» Supplied material:
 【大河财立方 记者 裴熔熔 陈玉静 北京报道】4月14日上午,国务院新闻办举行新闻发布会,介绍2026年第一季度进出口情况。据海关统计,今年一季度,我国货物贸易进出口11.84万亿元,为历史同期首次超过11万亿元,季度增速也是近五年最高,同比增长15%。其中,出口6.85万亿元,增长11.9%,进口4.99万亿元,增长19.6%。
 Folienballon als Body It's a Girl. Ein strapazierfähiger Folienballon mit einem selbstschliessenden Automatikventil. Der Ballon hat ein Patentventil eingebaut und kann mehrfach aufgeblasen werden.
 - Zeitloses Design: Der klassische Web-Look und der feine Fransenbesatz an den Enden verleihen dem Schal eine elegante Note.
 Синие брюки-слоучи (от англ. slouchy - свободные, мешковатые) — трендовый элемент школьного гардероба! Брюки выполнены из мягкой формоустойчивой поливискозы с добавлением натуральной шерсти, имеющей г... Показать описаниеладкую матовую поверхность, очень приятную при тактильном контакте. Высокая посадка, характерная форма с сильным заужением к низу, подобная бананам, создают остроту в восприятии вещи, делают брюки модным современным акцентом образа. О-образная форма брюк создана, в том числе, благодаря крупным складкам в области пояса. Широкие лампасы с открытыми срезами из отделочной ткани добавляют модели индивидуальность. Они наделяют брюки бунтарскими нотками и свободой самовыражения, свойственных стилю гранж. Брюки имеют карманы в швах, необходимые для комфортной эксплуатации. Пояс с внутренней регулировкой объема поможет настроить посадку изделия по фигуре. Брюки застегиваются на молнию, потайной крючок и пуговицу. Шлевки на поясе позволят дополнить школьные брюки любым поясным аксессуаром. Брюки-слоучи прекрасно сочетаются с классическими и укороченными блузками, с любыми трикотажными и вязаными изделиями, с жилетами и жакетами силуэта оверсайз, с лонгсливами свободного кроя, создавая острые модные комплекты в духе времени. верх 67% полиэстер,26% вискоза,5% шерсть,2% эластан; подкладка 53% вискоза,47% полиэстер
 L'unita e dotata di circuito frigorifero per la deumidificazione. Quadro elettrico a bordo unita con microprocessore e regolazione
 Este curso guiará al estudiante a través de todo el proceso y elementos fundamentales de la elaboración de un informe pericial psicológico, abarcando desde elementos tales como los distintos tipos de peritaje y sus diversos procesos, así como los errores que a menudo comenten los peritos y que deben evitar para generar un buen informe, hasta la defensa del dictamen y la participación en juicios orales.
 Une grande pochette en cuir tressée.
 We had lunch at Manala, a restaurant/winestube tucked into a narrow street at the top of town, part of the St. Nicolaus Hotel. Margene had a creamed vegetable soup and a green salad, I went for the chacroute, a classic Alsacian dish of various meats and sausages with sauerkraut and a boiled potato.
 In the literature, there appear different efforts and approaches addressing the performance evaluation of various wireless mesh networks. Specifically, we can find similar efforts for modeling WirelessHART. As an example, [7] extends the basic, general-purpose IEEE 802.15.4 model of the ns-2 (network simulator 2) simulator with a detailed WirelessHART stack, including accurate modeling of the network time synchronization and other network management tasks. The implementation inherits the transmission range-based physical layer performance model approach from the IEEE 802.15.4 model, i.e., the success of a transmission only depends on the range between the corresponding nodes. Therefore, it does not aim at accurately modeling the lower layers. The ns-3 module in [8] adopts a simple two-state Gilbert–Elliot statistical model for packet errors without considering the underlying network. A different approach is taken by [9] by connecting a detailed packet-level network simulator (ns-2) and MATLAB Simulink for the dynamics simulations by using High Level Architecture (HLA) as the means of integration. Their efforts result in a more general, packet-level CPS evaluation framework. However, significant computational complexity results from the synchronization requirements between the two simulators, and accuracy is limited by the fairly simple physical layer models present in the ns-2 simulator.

» What you should do: Write out the material exactly as given.

» Response to this task:
 【大河财立方 记者 裴熔熔 陈玉静 北京报道】4月14日上午,国务院新闻办举行新闻发布会,介绍2026年第一季度进出口情况。据海关统计,今年一季度,我国货物贸易进出口11.84万亿元,为历史同期首次超过11万亿元,季度增速也是近五年最高,同比增长15%。其中,出口6.85万亿元,增长11.9%,进口4.99万亿元,增长19.6%。
 Folienballon als Body It's a Girl. Ein strapazierfähiger Folienballon mit einem selbstschliessenden Automatikventil. Der Ballon hat ein Patentventil eingebaut und kann mehrfach aufgeblasen werden.
 - Zeitloses Design: Der klassische Web-Look und der feine Fransenbesatz an den Enden verleihen dem Schal eine elegante Note.
 Синие брюки-слоучи (от англ. slouchy - свободные, мешковатые) — трендовый элемент школьного гардероба! Брюки выполнены из мягкой формоустойчивой поливискозы с добавлением натуральной шерсти, имеющей г... Показать описаниеладкую матовую поверхность, очень приятную при тактильном контакте. Высокая посадка, характерная форма с сильным заужением к низу, подобная бананам, создают остроту в восприятии вещи, делают брюки модным современным акцентом образа. О-образная форма брюк создана, в том числе, благодаря крупным складкам в области пояса. Широкие лампасы с открытыми срезами из отделочной ткани добавляют модели индивидуальность. Они наделяют брюки бунтарскими нотками и свободой самовыражения, свойственных стилю гранж. Брюки имеют карманы в швах, необходимые для комфортной эксплуатации. Пояс с внутренней регулировкой объема поможет настроить посадку изделия по фигуре. Брюки застегиваются на молнию, потайной крючок и пуговицу. Шлевки на поясе позволят дополнить школьные брюки любым поясным аксессуаром. Брюки-слоучи прекрасно сочетаются с классическими и укороченными блузками, с любыми трикотажными и вязаными изделиями, с жилетами и жакетами силуэта оверсайз, с лонгсливами свободного кроя, создавая острые модные комплекты в духе времени. верх 67% полиэстер,26% вискоза,5% шерсть,2% эластан; подкладка 53% вискоза,47% полиэстер
 L'unita e dotata di circuito frigorifero per la deumidificazione. Quadro elettrico a bordo unita con microprocessore e regolazione
 Este curso guiará al estudiante a través de todo el proceso y elementos fundamentales de la elaboración de un informe pericial psicológico, abarcando desde elementos tales como los distintos tipos de peritaje y sus diversos procesos, así como los errores que a menudo comenten los peritos y que deben evitar para generar un buen informe, hasta la defensa del dictamen y la participación en juicios orales.
 Une grande pochette en cuir tressée.
 We had lunch at Manala, a restaurant/winestube tucked into a narrow street at the top of town, part of the St. Nicolaus Hotel. Margene had a creamed vegetable soup and a green salad, I went for the chacroute, a classic Alsacian dish of various meats and sausages with sauerkraut and a boiled potato.
 In the literature, there appear different efforts and approaches addressing the performance evaluation of various wireless mesh networks. Specifically, we can find similar efforts for modeling WirelessHART. As an example, [7] extends the basic, general-purpose IEEE 802.15.4 model of the ns-2 (network simulator 2) simulator with a detailed WirelessHART stack, including accurate modeling of the network time synchronization and other network management tasks. The implementation inherits the transmission range-based physical layer performance model approach from the IEEE 802.15.4 model, i.e., the success of a transmission only depends on the range between the corresponding nodes. Therefore, it does not aim at accurately modeling the lower layers. The ns-3 module in [8] adopts a simple two-state Gilbert–Elliot statistical model for packet errors without considering the underlying network. A different approach is taken by [9] by connecting a detailed packet-level network simulator (ns-2) and MATLAB Simulink for the dynamics simulations by using High Level Architecture (HLA) as the means of integration. Their efforts result in a more general, packet-level CPS evaluation framework. However, significant computational complexity results from the synchronization requirements between the two simulators, and accuracy is limited by the fairly simple physical layer models present in the ns-2 simulator.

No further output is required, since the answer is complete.